Prescribing smarter: How we can have great influence on America’s opioid crisis

Prescribing smarter: How we can have great influence on America’s opioid crisis

Pain Killers.

Opioids.

Drugs.

Are they on your mind today? Because they’re on mine.

With every walk-in. With every extraction. With every patient who looks me in the eye and says: “Doc, can I get a little something for pain?”

Dr. Vaughn

Dr. Vaughn

“Sure,” I say. And then I walk back to my computer, stare at my screen, and wonder what to do. What do I give? How much? Do they really need it?

I don’t know about you, but my answers have certainly changed.

A few months ago, my prescription pad was a care-free, generous space. I wanted my patients comfortable. I wanted them pain-free.

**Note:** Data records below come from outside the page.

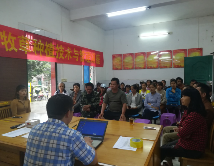 11月22日下午,应坡寮村委会广大村民对牧草种植技术的需求,杨桂生博士来坡寮村委会开展“牧草种植技术与管理”专题讲座,讲座座无虚席,吸引了附近各方村民近四十人参与。讲座思路清晰,操作简单易行,针对牧草种植的生长管理技术与规范,围绕牧草种子的选择、育种期和幼苗期的管理、生长期和成熟期的管理展开,重点强调不同时期管理注意的关键问题。其中,养殖户王仕保现身说法,感谢杨博士对牧草种植项目的支持,表示在杨博士的指导下,他的牧草长得不错,他说:“牧草很容易,技术没有问题,只要大家用心去管理,想学有空可以去现场观看”,牧草种植为南坤镇农业发展提供了新的思路。
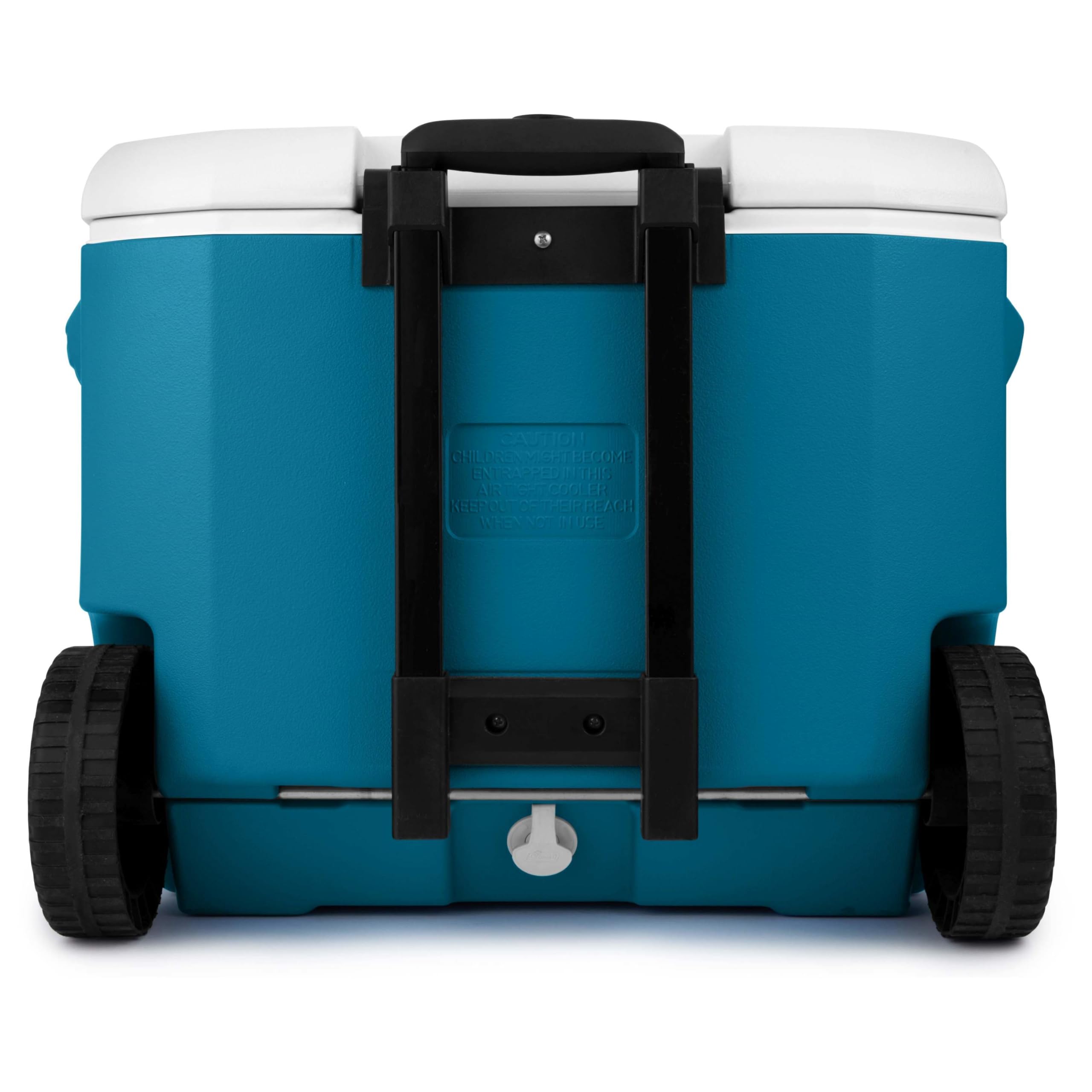 Meet the Chiller Series Coolers designed to be easy to take with you on every adventure. The Coleman Chiller 60-Quart Cooler With Wheels' recessed wheels and retractable handle with comfort grip make it easy to move so you can get to the fun faster. Whether you’re cheering on the sidelines or camping with your crew, TempLock insulation keeps drinks ice cold for whatever the day brings.
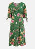 Yumi Green Recycled Crane Print Kimono Midi Dress

I wanted a “good-experiences-only” policy. So I took care of their pain and in turn thought I was taking care of my patients.

Vicodin, Percocet, Norco, Oxy, hydro. . . usually whatever the patient requested. If I took a tooth out, they got a narcotic. If they walked in with pain, they got a narcotic. We’re not talking outrageous amounts here. But in these moments, this is what I thought good health care looked like.

Which didn’t last long. And now things look much different in the space where I practice. I still take teeth out every day. But opioids are few and far between.

Why?

Well, it’s experience. Good ol’ anecdotal evidence. It’s discussions with colleagues. And then it’s being a part of an organization that has committed to help control the opioid crisis in America.

In residency, we didn’t think about consequences. We didn’t even realize the consequences. And like a lot of dentists in our country, we didn’t think we belonged in a conversation about the opioid crisis. That’s a physician problem.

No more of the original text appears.